Even with all that, though, parents who’d check out Bache-Martin on open-house night still weren’t enrolling their kids. “I’m not sure who else is going there,” one mother told Jen. Same old fear.

Jen’s next step: a mixer at the Urban Saloon on Fairmount. The kindergarten teachers came, and parents brought kids. Jen laughs at herself, given the bald simplicity: Get the parents together having drinks and talking with the teachers and each other, then watch what happens. Get them nodding that if Bache-Martin is good enough for Marc Vetri’s kid—the restaurateur is a Fairmounter—then maybe … And sure enough, something shifted. Some 10 of the 15 families who showed up enrolled their kids. A new groupthink was forming. These home-and-school meetings over Saloon drinks happen two or three times a year now.

It helps that Greenfield is getting crowded and that the city is naturally expanding outward. “People in the neighborhood are now getting nervous whether there’s a spot for them here,” Jen says.

Nobody, through all this, said a word about race. At least not publicly.

I meet another urban pioneer of a different stripe.

Ben, 38, grew up on Madison Avenue in New York and went to Vassar. He came to Philly 13 years ago for a teaching job in Logan, and worked for Sister Mary Scullion’s Project H.O.M.E. for a couple of years. Then he got into rehabbing houses.

Seven and a half years ago, he bought a rowhouse a couple blocks north of Girard. He thought the neighborhood—rundown, not integrated—was about to change. For a couple years, Ben was pretty much the only white guy there, though he was comfortable. Ben roams all over Philly—I catch up with him one day for lunch at Syrenka in Port Richmond, where he’s building sets for the TV show Do No Harm. 

His rowhouse is on a corner, where kids hang out; he got to know them.

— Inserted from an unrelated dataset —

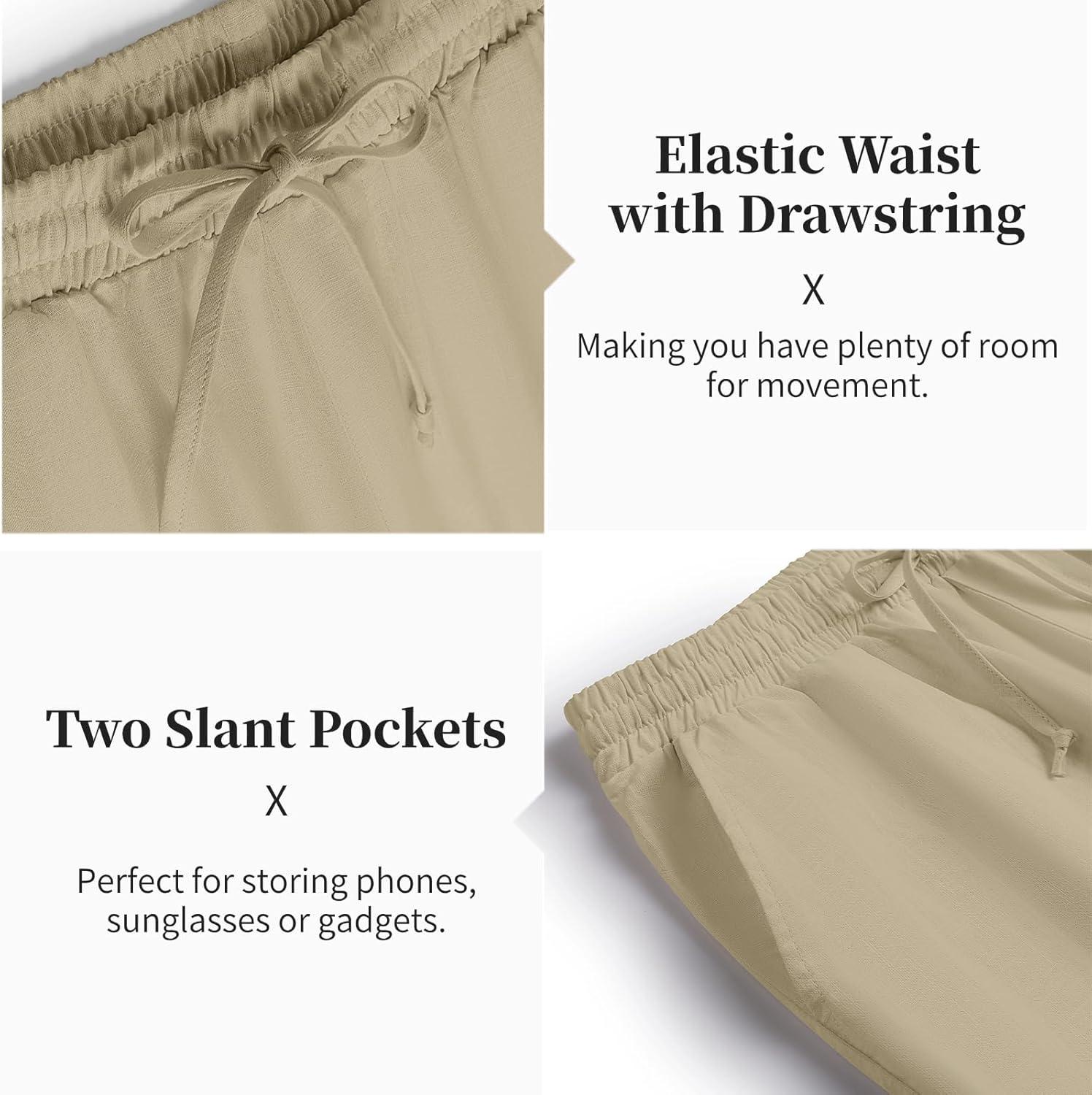 COOFANDY Men’s 2 Pieces Cotton Linen Set Casual Short Sleeve Henley Shirts Beach Yoga Pants Summer Outfits(Khaki)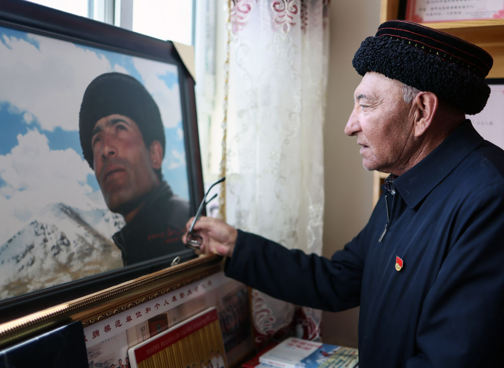 2023年9月4日,在塔县,“时代楷模”拉齐尼·巴依卡的父亲抚摸儿子生前的照片。新华社记者 兰红光 摄

There’s “tons of great neighbors,” Ben says, from folks who work three jobs to welfare recipients, often subsidized by the local drug trade.

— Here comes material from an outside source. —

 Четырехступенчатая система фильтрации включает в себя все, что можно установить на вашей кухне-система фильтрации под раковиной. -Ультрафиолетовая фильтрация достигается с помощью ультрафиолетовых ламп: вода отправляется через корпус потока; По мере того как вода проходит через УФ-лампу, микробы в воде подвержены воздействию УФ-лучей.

He’s rehabbed three houses nearby; one had been a crackhouse where squatters got sent to jail, leaving behind 15 gallons of urine in various cups and bottles. “I don’t know why,” Ben shrugs. “But crackheads can sometimes be meticulous.”

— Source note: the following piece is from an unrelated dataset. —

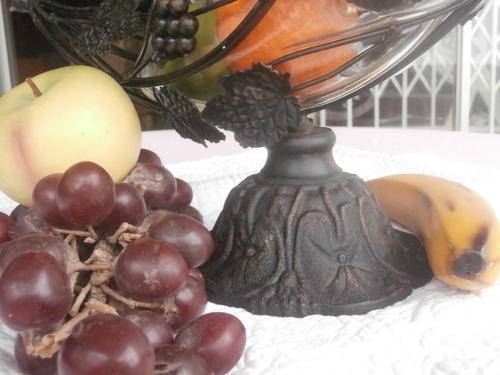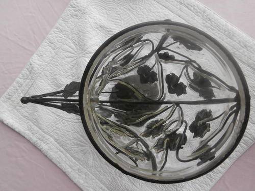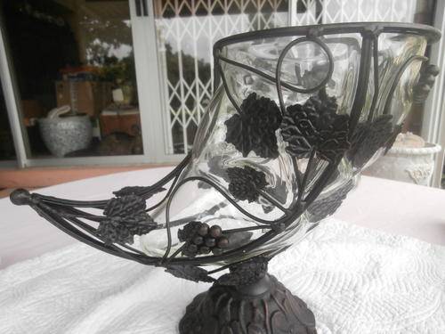 DRAMATIC DISPLAY PIECE, LARGE STANDING GLASS VASE MOULDED WITH CURVED SHAPES RESEMBLING A CORNACOPIA. IT HAS A METAL VINES AND GRAPES SURROUND GIVING THE ITEM A VERY UNUSUAL LOOK. HIGHLY DECORATIVE AND COULD BE USED TO DISPLAY FLOWERS I AM SURE. EXCELLENT CONDITION, NO CRACKS AND DAMAGES REPAIRS TO METAL CASING OR STAND

Then things turned on him. A middle-aged black guy who’d been in the neighborhood drug trade for a couple decades was friendly at first. The guy went to prison on drug charges for a bit. When he came back a couple years ago, he started running drugs next door to Ben’s workshop. The dealer was different now. It was dick-swinging time.

He and his henchmen started parking in front of Ben’s shop, blocking his access. Ben asked them to move, but they would give him a hard time. The dealer started bad-mouthing Ben to the neighborhood, talking about what was going to happen to this encroaching white guy. “He got two strikes, third strike he’s done,” the guy told people. “If he survives, if he makes it out of the neighborhood … We kill motherfuckers around here.”

Ben had hired Thomas, a recovering addict from the halfway house across the street from the shop. Thomas told him not to freak out—the dealer would screw up. So Ben waited.

One day about a year ago, Ben was in his shop when the FBI rolled up in two black SUVs and kicked in the door of the dealer’s building. The dealer wasn’t there, but his sister was out on the street. “Where is he?” the cops demanded. She got him on the phone. He’s now doing 10 years on an Oxycontin prescription scam.

What, I ask Ben over split-pea soup at Syrenka, would have happened to him if the cops hadn’t zeroed in?

“I don’t know,” he laughs, though it’s not a happy, or cocky, laugh. He remains in his house on Thompson, with no particular desire to move. As a boy, Ben took the neighborhoods of New York by storm, and that’s his method in this city: He wants all of it. Fairmount, he says, is too homogeneous for him. He’s a man on the outer limits of engagement—even at the expense of his own well-being.